He told a follow-up story about a time he ran into Tkachuk while in St. Louis. He didn’t specify when this story occurred but shared what Matthew thought of the interview.
“I was out in St. Louis and ran into Matt,” MacTavish reveals. He then said that Tkachuk said this to his Dad (Keith Tkachuk), “I told my Dad when I left your house, ‘this is the team that I think is going to draft me. I’d love to play here.’”
Fortunately (or unfortunately), Calgary drafted Tkachuk and eventually traded him to the Panthers. Instead of drafting Tkachuk, the Oilers picked up Finnish forward Jesse Puljujarvi.
“We had the misfortune of having Puljujarvi fall to us,” MacTavish explained. “Because we were going to take Sergachev. There was a big discussion between Sergachev and Tkachuk. It was almost a positional bias at the time to get a defenseman.”
“But there was plenty of support for Matt.”
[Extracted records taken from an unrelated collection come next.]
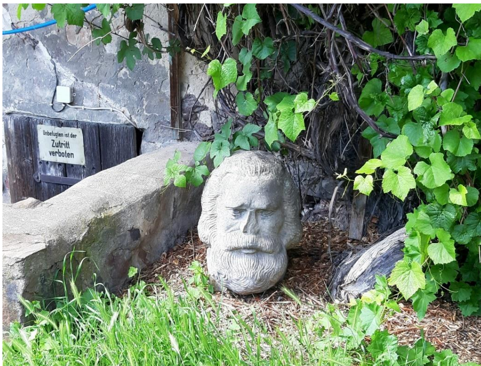
Es könnte Karl Marx gewesen sein ... Gefunden im Hof der Kunsthochschule Burg Giebichenstein in Halle an der Saale, am 12. Juni 2024

Wie Marx und Engels die reale Psyche in ihrer Lehre verdrängten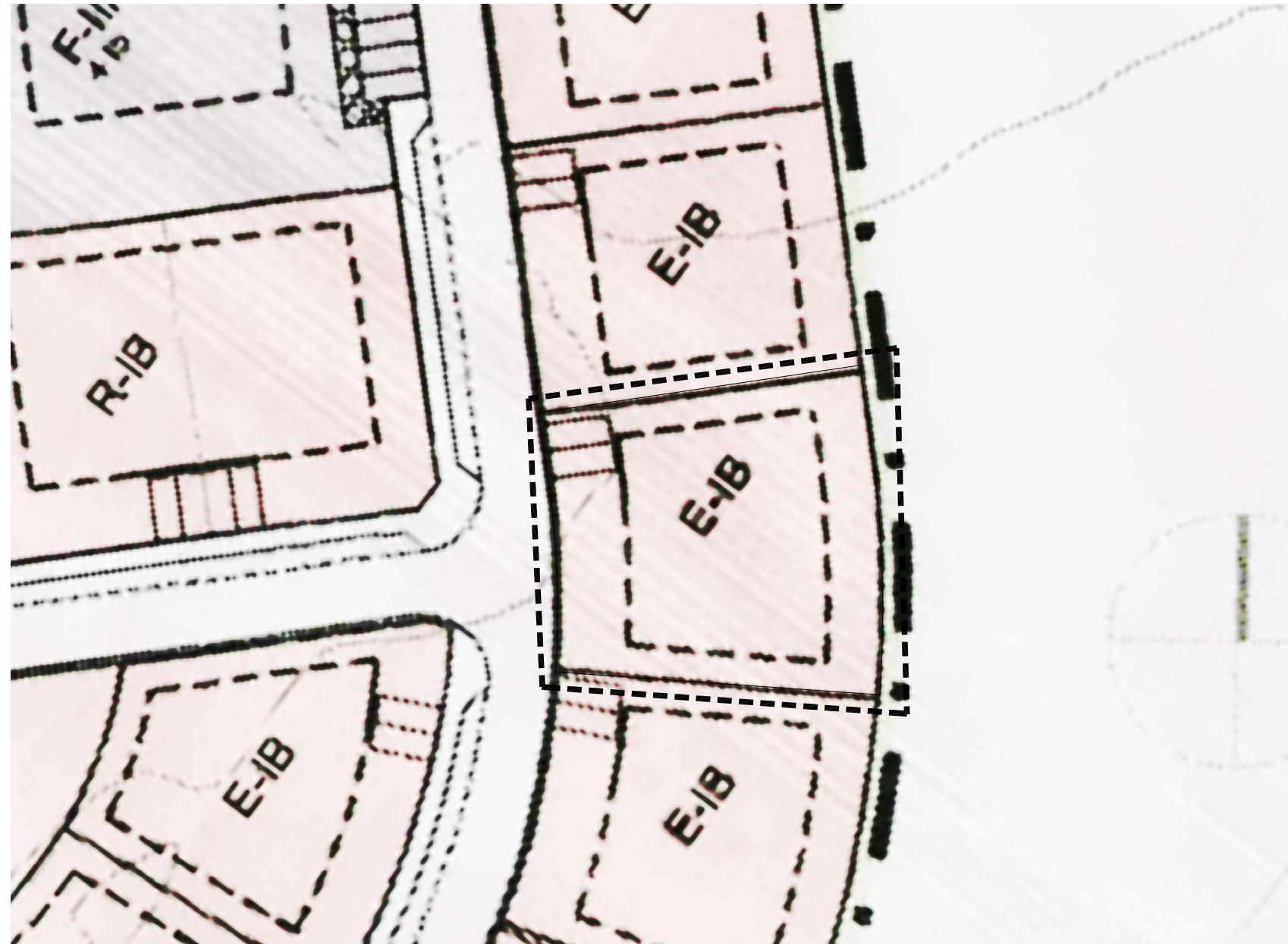
HLUTI AF GILDANDI DEILISKIPULAGI - SKÓGARHVERFI AKRANESI, DEILISKIPULAG 2. ÁFANGA Mkv 1:500 Skipulag samþykkt í bæjarstjórn Akranes í apríl 2007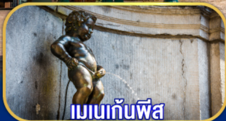
แมนกันพีส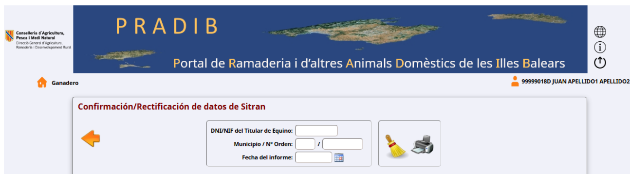
Imagen 3. Pantalla de Confirmación/Rectificación de datos de SITRAN Équido.

Al pulsar el botón de “Confirmación/Rectificación de datos SITRAN de Equino” se abre una pantalla en la que se pueden introducir distintos parámetros para seleccionar la explotación deseada: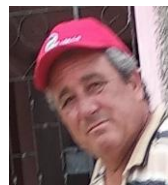
Por: Alcides González Cubano de a pie

Santa Clara, (ICLEP). Las autoridades del gobierno en el municipio cabecera provincial tomarán medidas enérgicas que pueden incluir la retirada definitiva de la licencia para desarrollar actividades por cuenta propia, con los choferes de motonetas que se nieguen a prestar servicios durante los días de agravamiento de la crisis energética que vive el país.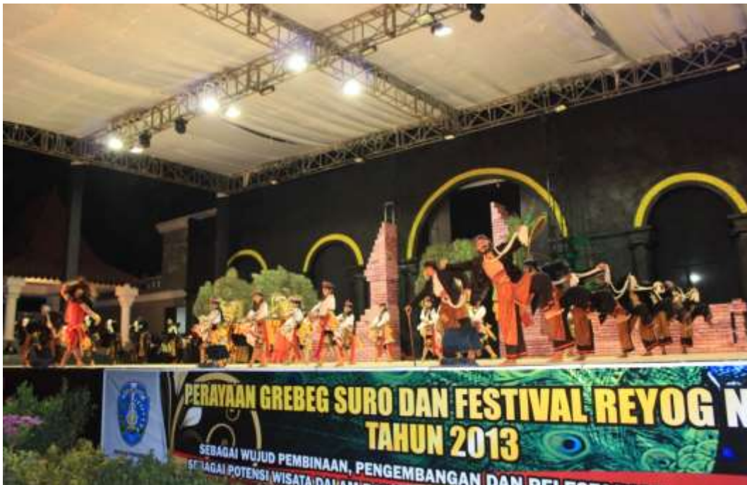
Kondisi penyelenggaraan FRN panggung utama alon-alon Ponorogo dari arah depan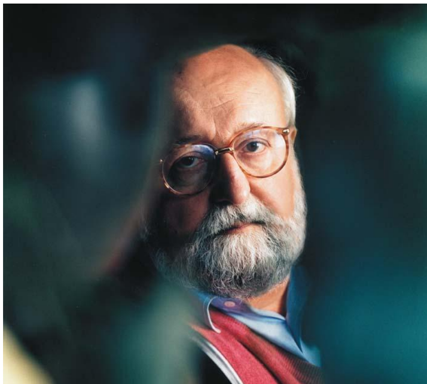
Krzysztof Penderecki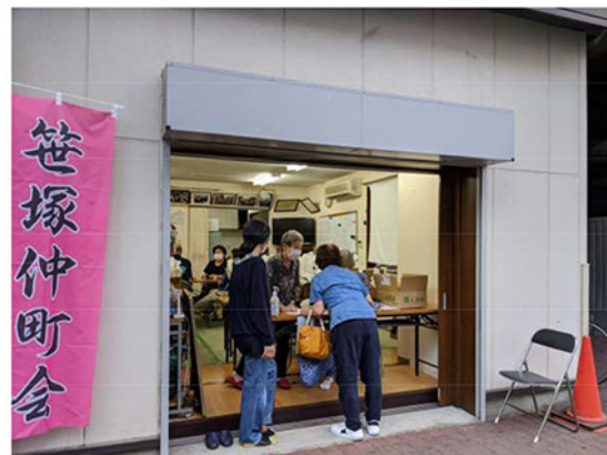
カウンター受け取りの様子と大口の配布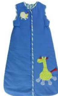
90130078 6 - 18 mois 40133404 6 - 18 mois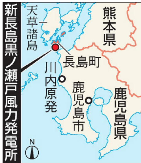
鹿児島県長島町の地図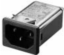
NG3QM (Optional wire type)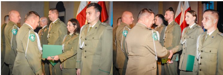
Komendant OSS SG wręczający akty mianowania na wyższy stopień SG

W korpusie oficerów awans na stopień podpułkownika SG otrzymał jeden funkcjonariusz. W korpusie chorążych - czterech funkcjonariuszy. W korpusie podoficerów awanse otrzymało pięciu funkcjonariuszy.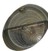
Indvendig ventilator og kurv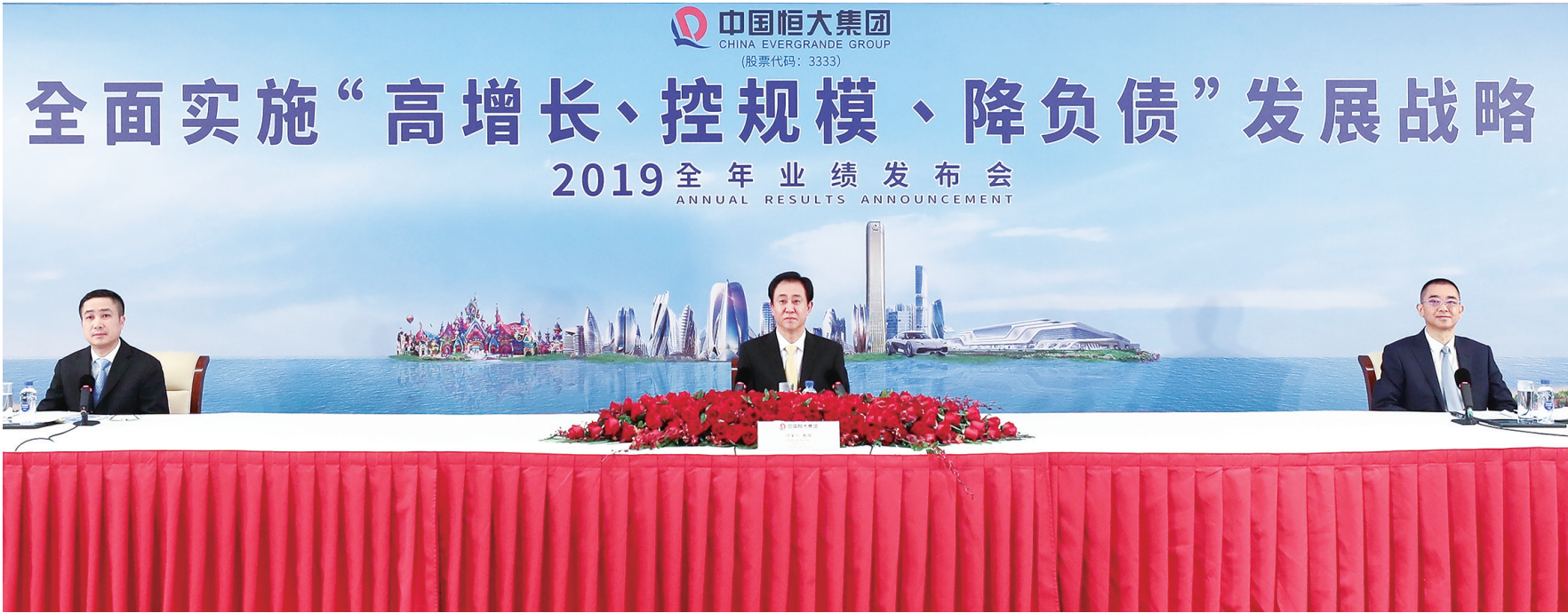
许家印宣布恒大全面实施新战略

造成资金沉淀和推高负债。 20余年的发展和积累,使恒大成为全行业土储最高的房企之一,截至2019年末,恒大拥有2.93亿平米的土地储备,只要适度减少拿地,充分利用现有土地储备,便能确保公司的持续发展,无须再大举消耗资金拿地。 据恒大管理层介绍,今年公司总可售面积达1.32亿平方米,可售货值达1.27万亿,按照64%的去化率保守估算,可实现销售8110亿,完成8000亿销售并无压力。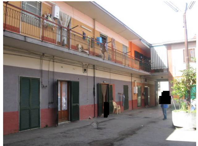
beni pignorati visti dal cortile verso la strada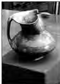
Figura 10. La Glorieta , periódico informativo del Ayuntamiento de Calahorra, mayo 2004

Todos los jueves de mayo, a las 12 horas, la directora del Museo, explicará la riqueza artística de esta pieza.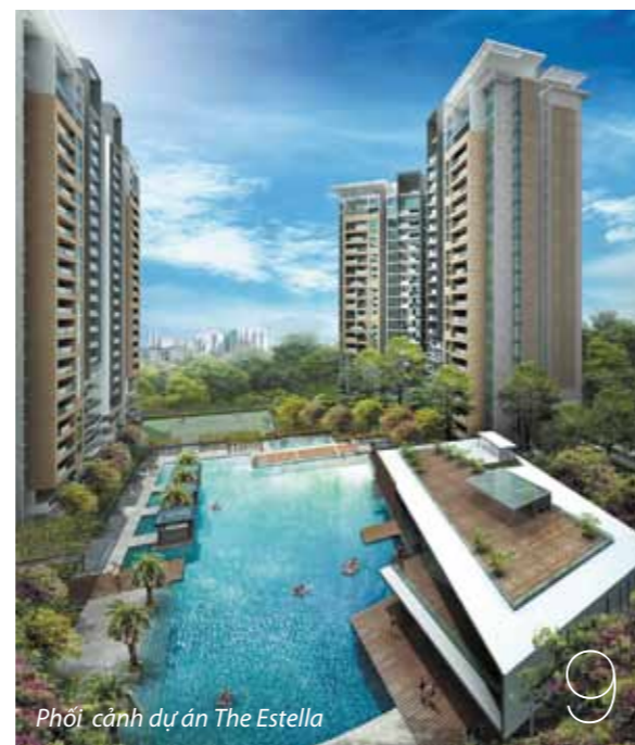
Phối cảnh dự án The Estella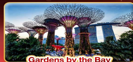
Gardens by the Bay

There was so much support that someone not in the organization urged the team to select him in the first round of the draft.
Stauffer recalled when current Oilers coach Kris Knoblauch contacted the Oilers Now host to give him his thoughts.
“Kris Knoblauch texted me when the draft lottery results came in,” Stauffer revealed. He reportedly said to Stauffer, “you guys have to take Tkachuk at 4. He’s an absolute pain…and he’s got a lot of skill.”
It’s tough to imagine what the Oilers would have looked like if they had gone in this direction. Either way, Mikhail Sergachev and Tkachuk have become full-time NHLers, while Puljujarvi is still looking to see where he fits.
Now the Oilers can only dream of what could have been and look to the future, hindsight be damned.